▸ **GOAL OF THE EXERCISE**
Could every line below be transcribed exactly, with the pictures dropped?

▸ **DATASET SECTION**
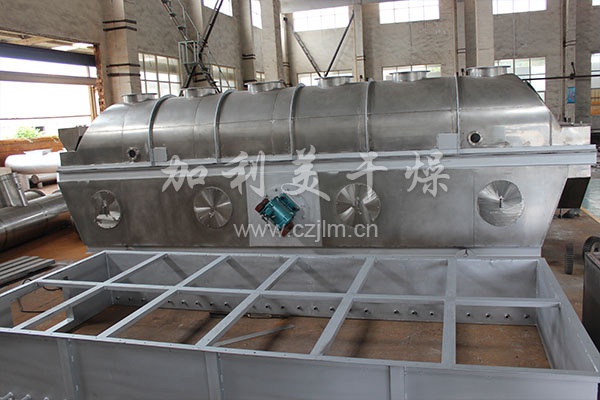 產品概述:物料自進料口進入機內,在振動力作用下,物料沿水平流化床拋擲,向前連續運動,熱風向上穿過流化床同濕物料換熱后,濕空氣經旋風分離器除塵后由排風口排出,干燥物料由排料口排出。
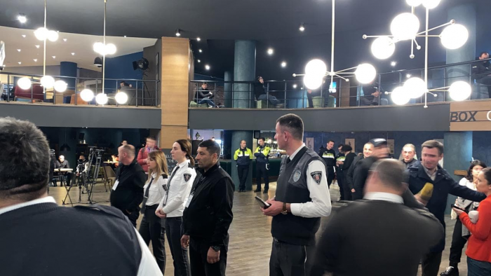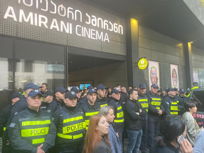 კინოთეატრების შიდა ტერიტორიაზე გამკაცრებულია უსაფრთხოება და მობილიზებულია სამართალდამცავთა განსაკუთრებით დიდი რაოდენობა.
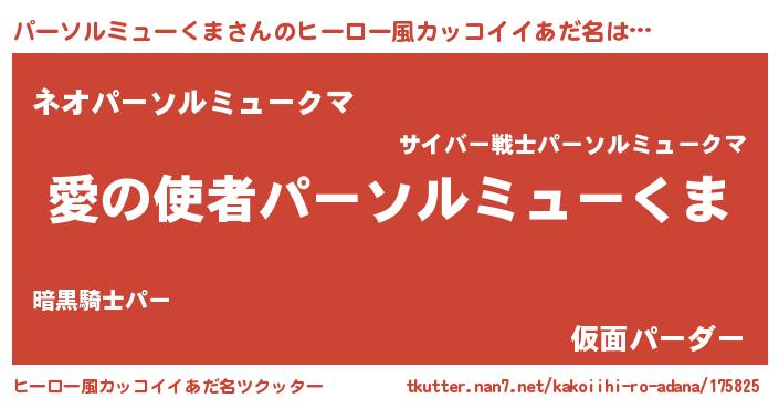 | 女子向けラノベタイトル風あだ名 | 『パーソルミューくま恋絵巻』 |

▸ **FINAL ANSWER**
 產品概述:物料自進料口進入機內,在振動力作用下,物料沿水平流化床拋擲,向前連續運動,熱風向上穿過流化床同濕物料換熱后,濕空氣經旋風分離器除塵后由排風口排出,干燥物料由排料口排出。
 კინოთეატრების შიდა ტერიტორიაზე გამკაცრებულია უსაფრთხოება და მობილიზებულია სამართალდამცავთა განსაკუთრებით დიდი რაოდენობა.
 | 女子向けラノベタイトル風あだ名 | 『パーソルミューくま恋絵巻』 |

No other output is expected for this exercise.